Troubleshooting: Read symptoms carefully
When the readings change, I interpret patterns and derive concrete steps:
- High P99 latency with many readsCheck whether writes are displacing reads. Test with mq-deadline.,
read_expirelower, smooth writeback (vm.dirty_*adjust). - 100% util on HDD, low throughput: Seeks dominate. Try BFQ or mq-deadline, reduce read ahead, moderate queue depth.
- Good throughput values, but UI stuttersInteractivity suffers. Activate BFQ, critical services via
ionice -c1or prefer cgroup weights. - Significant variation depending on the time of dayShared resources. Isolate with cgroups, choose scheduler per pool, move backups to off-peak times.
- NVMe timeouts in dmesg: Backend or firmware issue.
io_pollDeactivate on a trial basis, check firmware/driver, verify path redundancy (multipath).

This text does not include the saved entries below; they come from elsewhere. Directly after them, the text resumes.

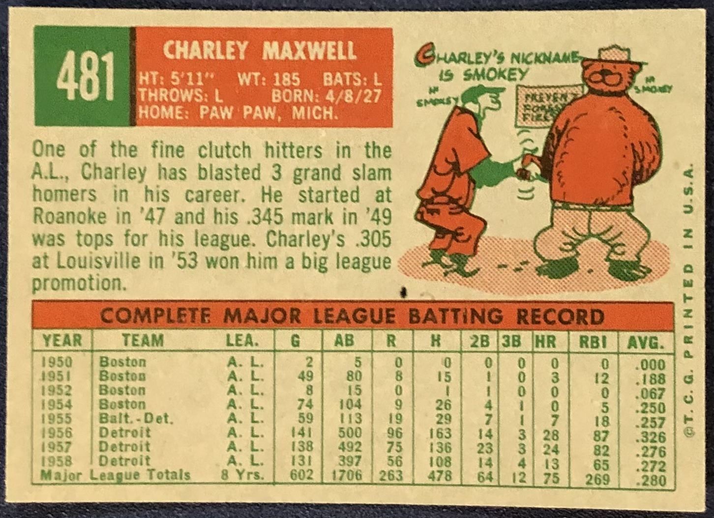 Card #481 MLB, baseball, vintage
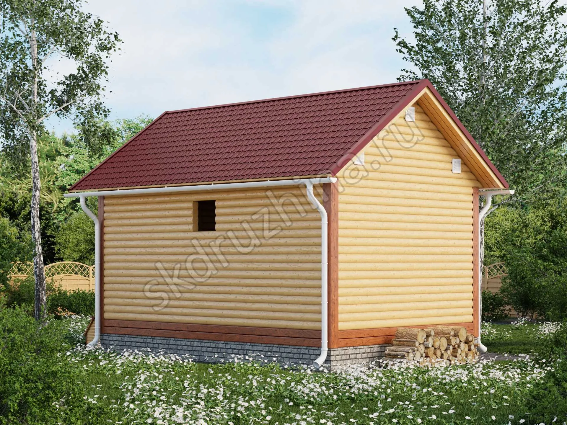Фундамент в стоимость строительства не входит. Его можно заказать отдельно, на выбор: свайно-винтовой, железобетонные сваи или ленточный. Укажите желаемый тип фундамента при подаче заявки через сайт, или запросите стоимость у наших менеджеров по телефону.
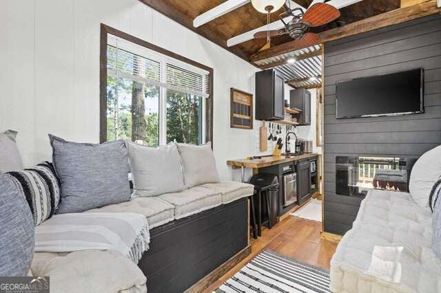 This is a generational investment opportunity to own one of the finest mountain view lots in the Blue Ridge, perfectly positioned on a road lined with multi-million dollar luxury estates. Secure your future homesite while generating proven, reliable passive income from the highly-rated short-term rental currently on the property. You can use the revenue to offset carrying costs or simply enjoy the cash flow while you take your time planning your future $1,000,000+ custom estate. The land is already a builder's dream, eliminating the costliest and most time-consuming hurdles of development. All core utilities are in place-power, water, and septic-saving you significant time and tens of thousands of dollars typically associated with raw land prep. The existing septic system is rated for 3 bedrooms, with an easy, low-cost upgrade (approximately $1,500) to easily accommodate a 4-bedroom dream home. The current tiny home is a turnkey success, boasting a consistent track record of bookings and rave guest reviews. Guests love the spacious deck featuring a grill, cafe lights, a fire pit, and the perfect setup for peaceful stargazing. Inside, you'll find a cozy, fully furnished retreat that includes an electric fireplace and a kitchen equipped with everything needed for a comfortable stay. This is a truly unparalleled and irreplaceable homesite featuring unobstructed, 180-degree panoramic views of the beautiful Blue Ridge Mountains. Whether you are expanding your investment portfolio or securing the perfect land for your ultimate mountain retreat, this property is ready to perform from day one. Enjoy no HOA, a strong rental history, and a prime location just minutes to hiking, wineries, and charming mountain towns.
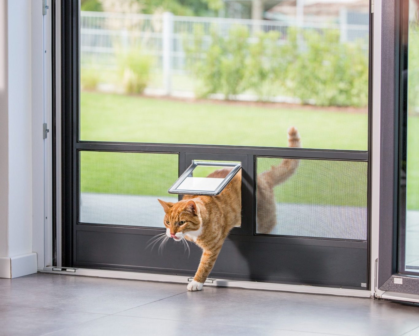 Spezielle Insektenschutz-Produkte für Haustiere mit kratzfestem Katzengewebe zur Kombination mit Katzen- oder Hundeklappen.
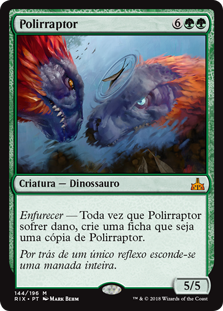 | Rules | Enrage — Whenever Polyraptor is dealt damage, create a token that's a copy of Polyraptor. |
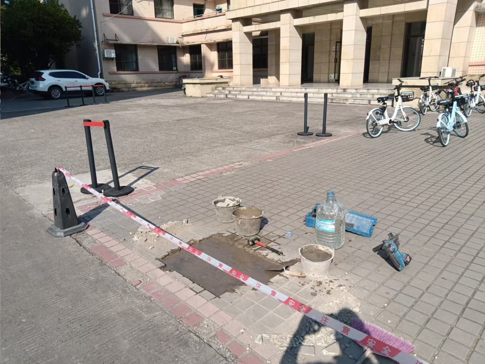 艺术学院门口地砖破损修复后
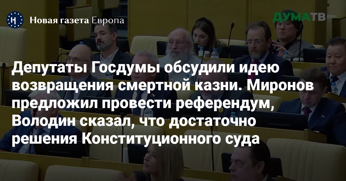 «У нас и в Конституции, и в уголовном законодательстве никто смертную казнь не отменял, есть решение Конституционного суда, который отложил вынесение такого приговора, поэтому не надо никаких референдумов, достаточно решения в этом вопросе Конституционного суда», — сказал Володин.
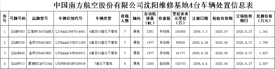 (2020)0089號中國南方航空股份有限公司沈陽維修基地4臺車輛分別轉讓
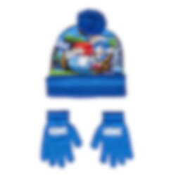 Et must for alle små Sonic-fans! Settet består av en blå lue med dusk og fargerikt trykk av Sonic og vennene hans samt matchende hansker med Sonic-logo.
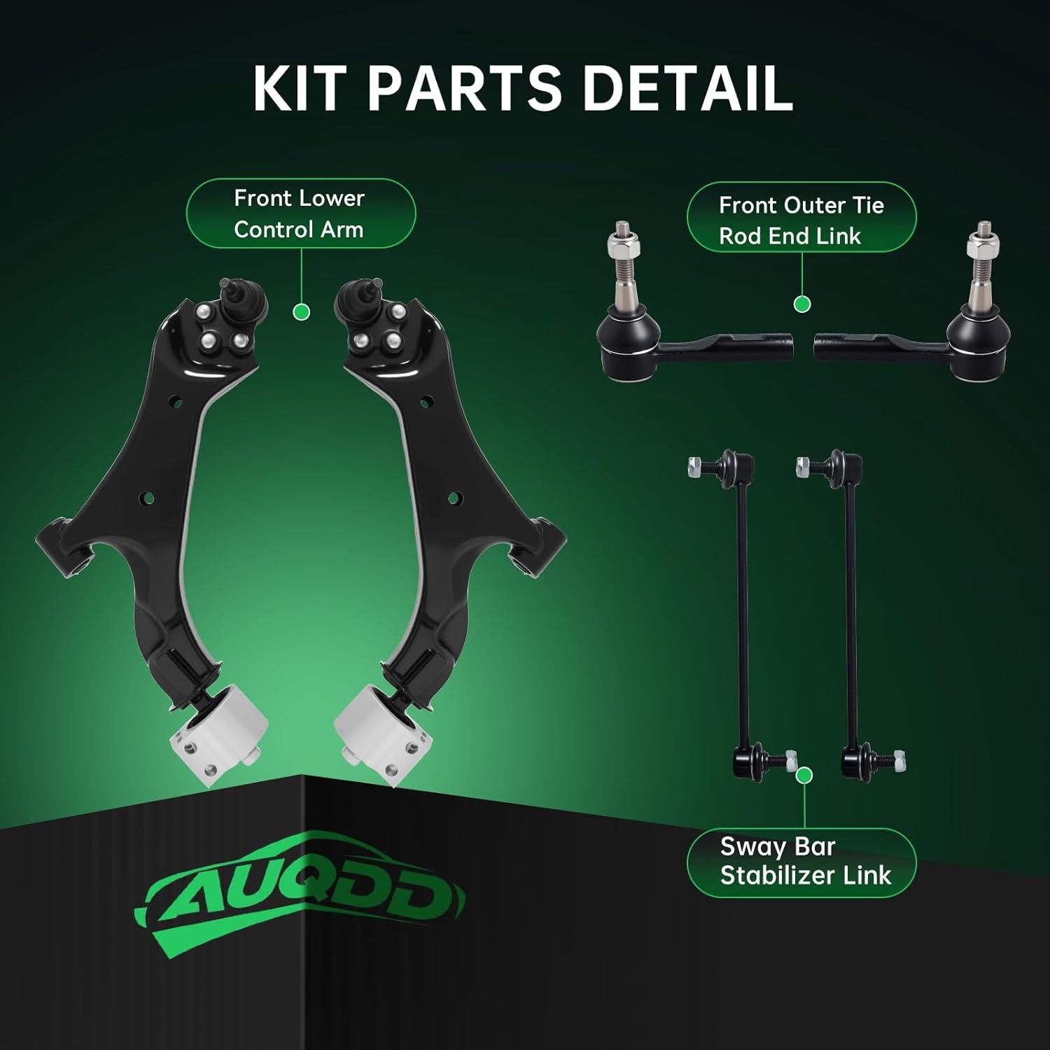 AUQDD 6Pcs Front End Suspension Kit Fit For 2010-2017 Chevy Equinox, 10-17 G-MC Terrain, 2 Lower Control Arm w/Ball Joint 2 Sway Bar Link 2 Outer Tie Rod End (# 524-157 524-158 K750188 ES800640)
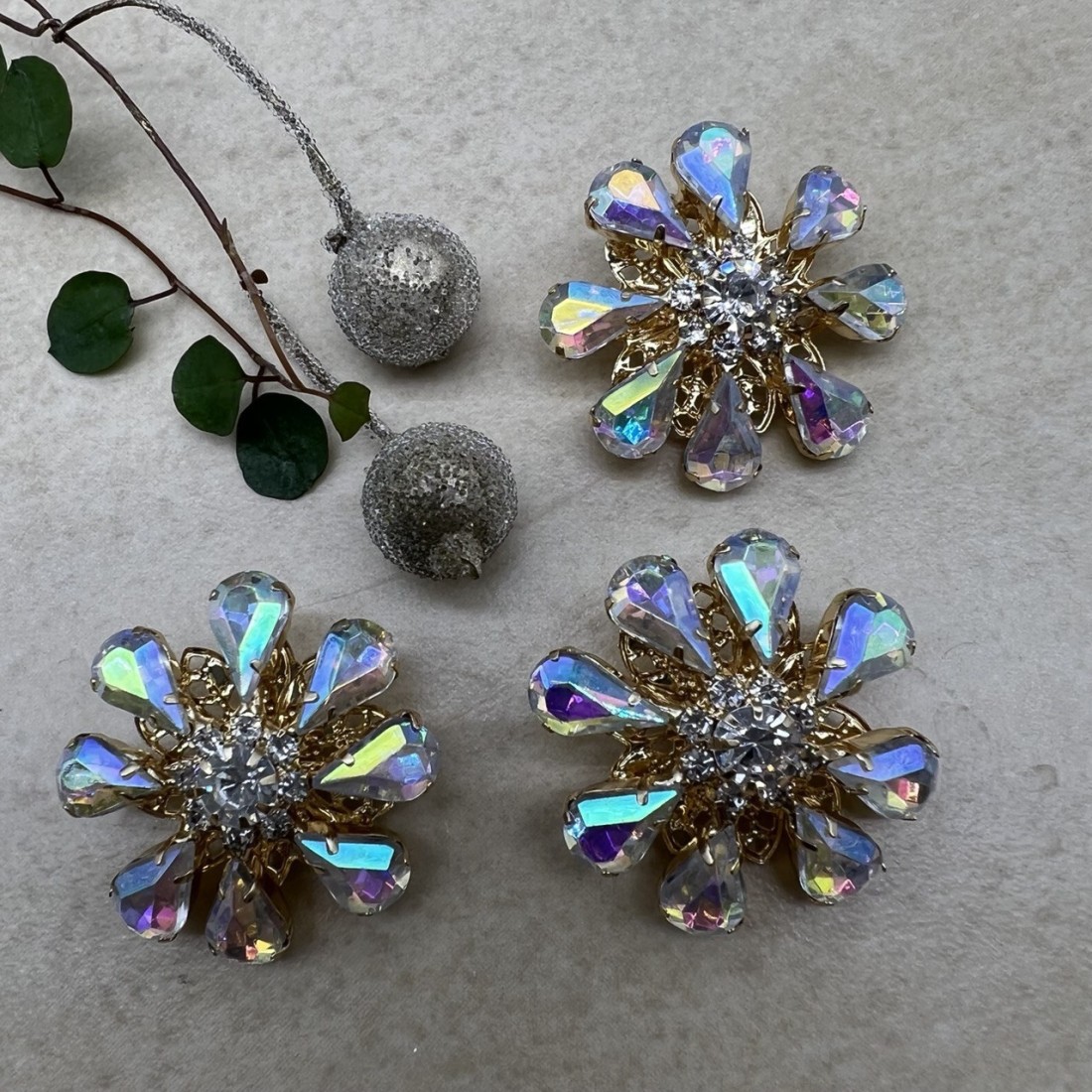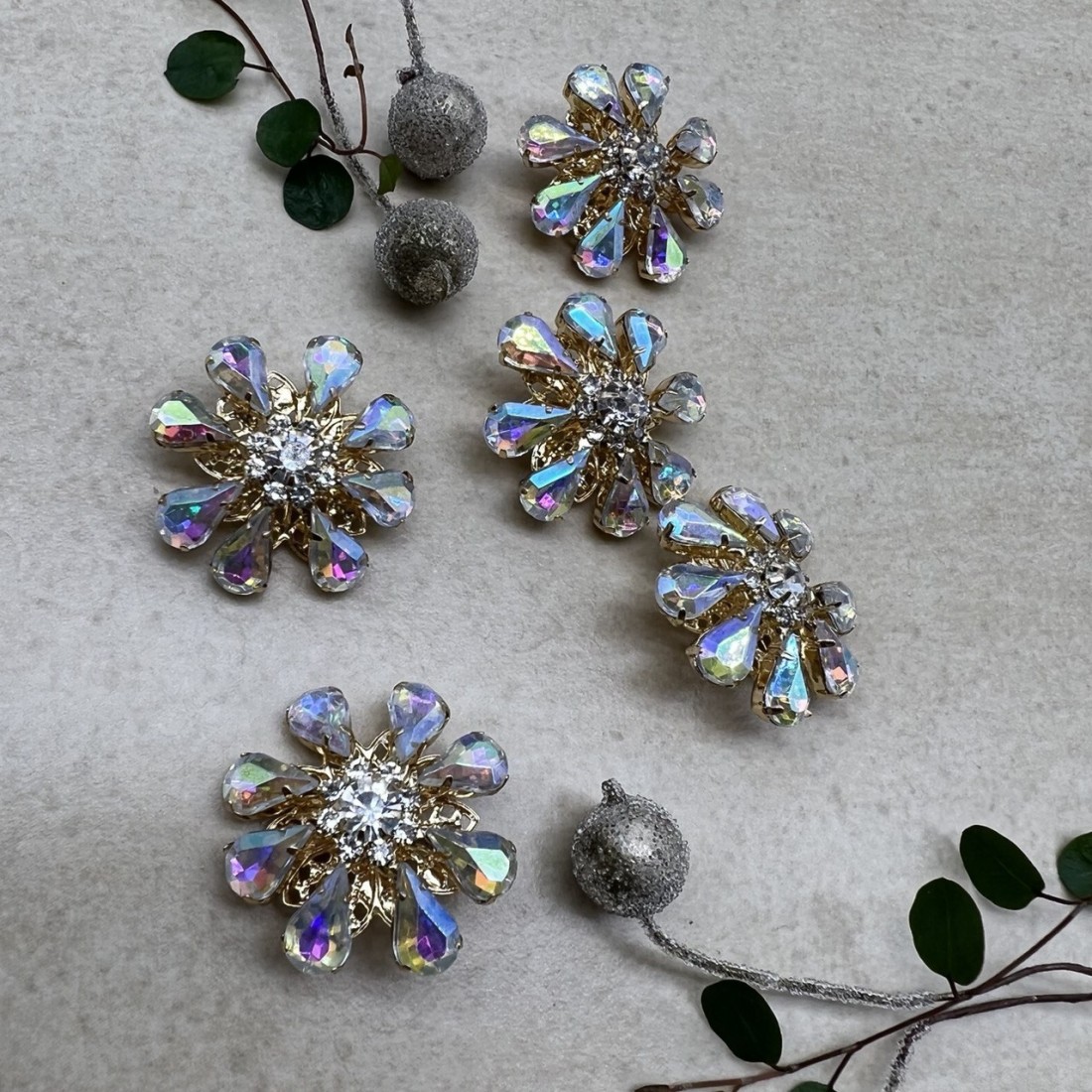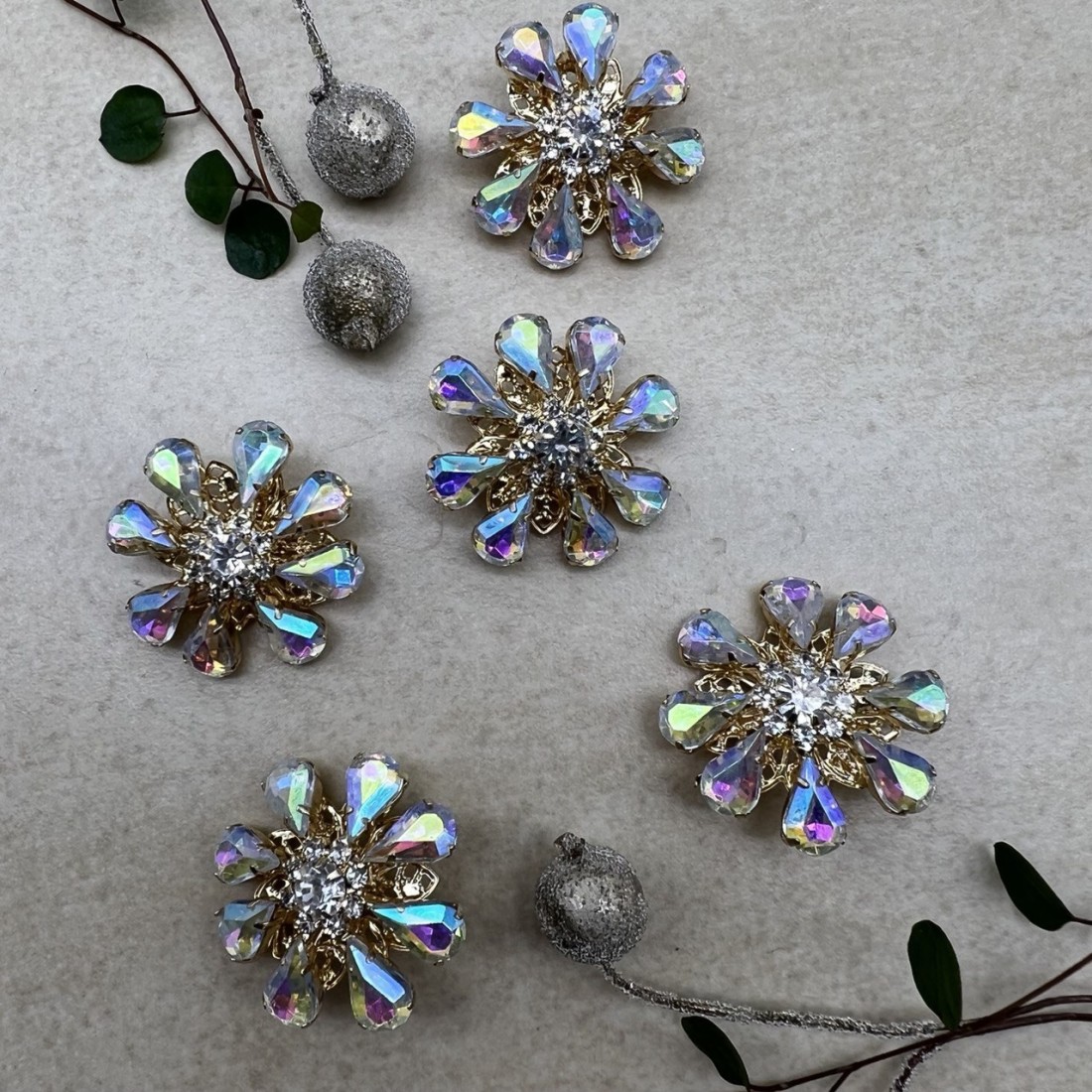 Крупные золотистые пуговицы в виде цветка со стразами цвета хамелеон.

In summary: Clear decisions for everyday hosting
For flash storage and guests, I often opt for Noop, to save overhead and let controllers do their job. In all-round servers with HDD or RAID, mq-deadline delivers reliable latency and high usability. With many active users and interactive loads, BFQ ensures fair sharing and noticeable responsiveness. Before each commitment, I measure with real workloads and observe the effects on P95/P99. This allows me to make traceable decisions, keep systems running smoothly, and stabilize the Server-Performance in day-to-day business.